Figure 3 Electrotarsal response of adult female Tetranychus urticae to compounds with different functional groups, at 10 ng, 100 ng, 1 μg, 10 μg (n = 20). All responses are standardized to hexane by subtracting the response of hexane from the response of the compound. The bar represents the median, the box represents the interquartile range, and the whiskers represent the maximum and minimum values that are not outliers.
Table 1 Adjusted p-values from Tukey multiple comparisons of means for the butyric acid response of adult female Tetranychus urticae at all tested concentrations (10 ng, 100 ng, 1 μg, 10 μg) compared to 7 other compounds at the same concentrations (n = 20).
Gas chromatography-linked electrotarsal detection
Two-spotted spider mites responded to a series of carboxylic acids via stimulation from GC effluent (Figures 4A, 5A), including propionic acid, butyric acid, isovaleric acid, hexanoic acid, and octanoic acid. Butyric acid, a 4-carbon carboxylic acid, had a mean peak amplitude of 0.132 mV ± 0.0223. Carboxylic acids with 4 carbons had a smaller mean peak amplitude. Two-spotted spider mites also responded to a series of aldehydes (Figures 4B, 5B), including pentanal, hexanal, heptanal, octanal, and nonanal. Heptanal and octanal had a mean peak amplitude of 0.127 mV ± 0.0354 and 0.123 mV ± 0.00901 respectively, and all other aldehydes had a smaller mean peak amplitude. Finally, the mites responded to 3 different essential oil active ingredients (e.g., eucalyptol, linalool, and thymol) (Figures 4C, 5C). Eucalyptol had a mean peak amplitude of 0.0973 mV ± 0.0197. Other essential oil active ingredients had a smaller mean peak amplitude. Overall, the mites had the strongest responses to the carboxylic acid series, then the aldehyde series; the weakest response was recorded toward the essential oil active ingredients.
Figure 4 Gas Chromatography-linked Electrotarsal Detection displaying electrotarsal responses of Tetranychus urticae to a master mix of (A) carboxylic acids at a concentration of 1 μg/μL, (B) aldehydes at a concentration of 1 μg/μL, (C) essential oil active ingredients at a concentration of 100 ng/μL (volume injected: 1µl).
Figure 5 GC-Electrotarsal response of adult female Tetranychus urticae to a master mix of (A) carboxylic acids at a concentration of 1 μg/μL (n = 7), (B) aldehydes at a concentration of 1 μg/μL (n = 7), (C) essential oil active ingredients at a concentration of 100 ng/μL (n = 6) presented by 1µl injection on to a Gas Chromatogram and recorded via Electrotarsographic detection (GC-ETD).

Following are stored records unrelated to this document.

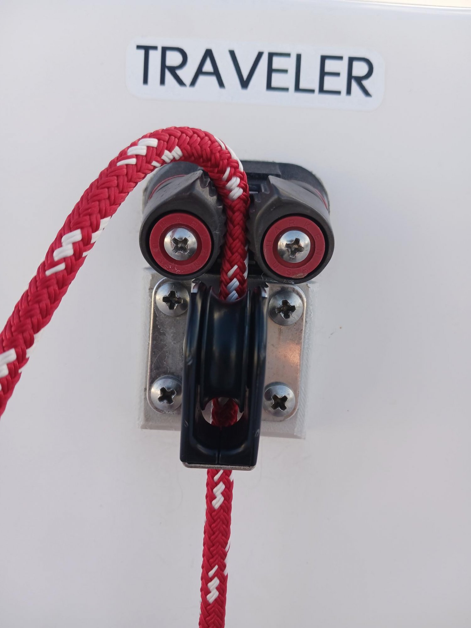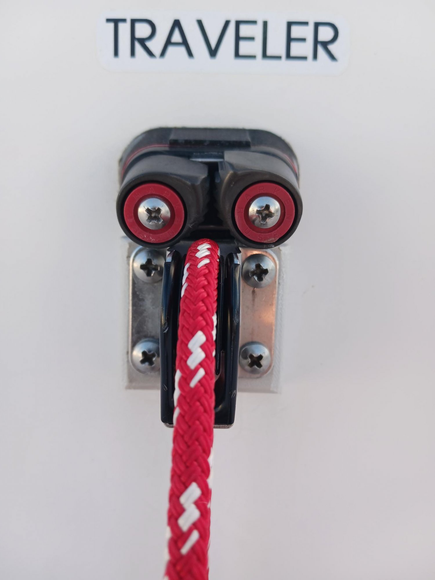 I wanted to eliminate the friction that was being caused by the part of the cam cleat that captures the traveler line. So I removed that part, and mounted a Harken block under the cam. The line is still captured, and it's much easier to release and move the mainsheet from side to side. Just make sure the new mounted block has enough clearance so it does not interfere with the cam operation. Sorry I didn't note the name/size of the block, but it was an obvious match when I shoped for one. Yes, the label is on the boat for new crew members, as are the labels for the clutches, etc.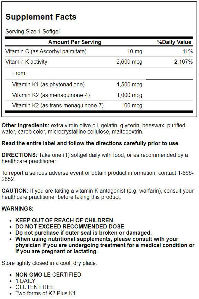- Strong bones, healthy heart—Vitamin K helps maintain your body’s calcium balance, which affects everything from arterial health to bone density health. But it’s hard to get sufficient vitamin K from food. This formula provides a potent dose of 2600 mcg of vitamin K from both K1 and two forms of K2.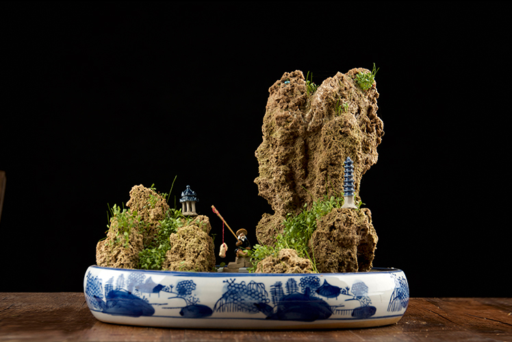 吸水石盆景像一座“濃縮”的青山,一瞬間讓人感到仿佛穿越時空,回到了古代。

The bar represents the median, the box represents the interquartile range, and the whiskers represent the maximum and minimum values that are not outliers.
Solvents
When testing potential solvents for two-choice behavioural assay (Figure 6), female T. urticae was significantly repelled by hexane (p < 0.0001), ethanol (p < 0.0001), and acetone (p < 0.01), as determined from results of exact binomial test. Tetranychus urticae was not significantly repelled by Tween-80 (0.1% v/v), as determined from results of exact binomial test (p = 0.1), so this was determined to be a suitable solvent to use for behavioural assays.
Figure 6 Percentage of adult female Tetranychus urticae choosing to feed on treated side of bean leaf (Phaseolus vulgaris L.) after 20 minutes in two-choice behavioural assay (n = 50). The dashed lines indicate the null expectation of 50%. Non-responding mites are not included in the figure. * indicate significantly repelled according to binomial test.
Behavioural assays
The results of the exact binomial tests determined that T. urticae females were significantly repelled by octanal at 10 ng/μL (p < 0.01), and at 100 ng/μL (p < 0.0001). Tetranychus urticae was repelled by butyric acid at 100 ng/μL (p < 0.001), but not at 10 ng/μL (p = 0.1). Isovaleric acid was repellent at 10 ng/μL (p < 0.0001), but not at 100 ng/μL (p = 0.7). Tetranychus urticae was repelled by heptanal at 100 ng/μL (p < 0.0001), but not at 10 ng/μL (p = 1). Tetranychus urticae was not significantly repelled by linalool at 10 ng/μL (p = 0.4), but was repelled at 100 ng/μL (p < 0.01). Tetranychus urticae was not significantly repelled by thymol at 10 ng/μL (p = 0.6) but was repelled at 100 ng/μL (p < 0.01). Tetranychus urticae was not significantly repelled by eucalyptol at 10 ng/μL or at 100 ng/μL (p = 0.4; p = 0.2). The results of the behavioural assays demonstrate that there was a concentration dependency for the repellency of T. urticae females to various compounds (Figure 7).
Figure 7 Percentage of adult female Tetranychus urticae choosing to feed on treated side of bean leaf (Phaseolus vulgaris L.) after 20 minutes in two-choice behavioural assay. The dashed lines indicate the null expectation of 50% of mites choosing each side. Non-responding mites are not included in the figure. * indicate significantly repelled according to binomial test.
Discussion
Our novel electrophysiological approach demonstrated that T. urticae females detects a variety of compounds that have potential to be used for the management of this species. Compounds which elicited an electrophysiological response by the receptors on the foretarsi and palps were carboxylic acids, aldehydes, and several active ingredients of essential oil mixtures. Receptors involved in the detection are probably ionotropic receptors, as they have been widely reported to be responsible for the detection of chemical compounds with a carbonyl group in acarines (Ngoc, 2016). Additionally, our two-choice behavioural assay was used to determine whether detected compounds repelled female T. urticae. This is an innovative approach to studying the electrophysiological and behavioural response of T. urticae and other tetranychids given the many past challenges associated with their small size and the level of difficulty mounting the specimen.
A study done by Tak and Isman, 2017 investigated the repellency of various essential oil components to T. urticae, including linalool, eucalyptol, and thymol. Among them, only thymol showed consistent repellent activity when using a bridge assay design. Our study also demonstrated that at 100 ng/μL thymol repels T. urticae using our leaf-dip assay.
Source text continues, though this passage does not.